2018 Changhua County mayoral results
| No. | Candidate | Party | Votes | Percentage |  |
| 1 | Wei Ming-ku | Democratic Progressive Party | 283,269 | 39.87% |  |
| 2 | Wang Huei-mei | Kuomintang | 377,795 | 53.18% |  |
| 3 | Pai Ya-tsan | Independent | 7,402 | 1.04% |  |
| 4 | Huang Wen-ling | Independent | 34,690 | 4.88% |  |
| 5 | Hung Min-xiong (洪敏雄) | Independent | 7,263 | 1.02% |  |
| Total voters |  |  | 1,031,222 |  |  |
| Valid votes |  |  | 710,419 |  |  |
| Invalid votes |  |  |  |  |  |
| Voter turnout |  |  | 68.89% |  |  |

====2025 Central Election Commission nomination====
In December 2025, President William Lai nominated Huang to serve on the Central Election Commission. The Legislative Yuan voted against Huang's nomination in March 2026.

===Legislative term===
While a member of the Legislative Yuan, Huang served as Taiwan Solidarity Union caucus whip.

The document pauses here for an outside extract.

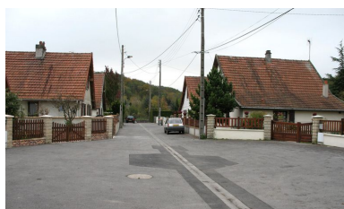
Cité de la Tonnellerie.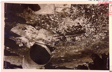
ภาพถ่ายสภาพของกระตูกซึ่งถูกเผาไหม้ทั้งหมด

In April 2012, she established the Taiwan–US Legislators Amity Association, a legislative caucus in opposition to the ROC–US Inter-Parliamentary Amity Association. In July, Huang visited Japan to discuss the Senkaku Islands dispute. She supported efforts to subject Premier Sean Chen to a vote of no confidence in September, stating that the result was "a betrayal of the will of the Taiwanese people." After the vote's failure, Huang unsuccessfully petitioned for a recall election against President Ma Ying-jeou. In December, Huang suggested that the TSU invite the Dalai Lama to visit Taiwan, after a planned trip was called off. In 2013, Huang proposed that the Act on Property Declaration by Public Servants be amended, increasing the number of government officials that would need to publicly release the value of their property holdings.

===Political stances===
Huang believes that duration of Examination Yuan terms should be shortened to four years. She opposed Taiwan's current electoral framework, single-member districts coupled with party-list representation, a change made in 2008.

She has been critical of the Taipei Police Department, Lung Ying-tai, and Cho Po-yuan.

In September 2019, Huang attempted to register Ko Wen-je's candidacy for the 2020 Taiwan presidential election, although the deadline set by the Central Election Commission had passed.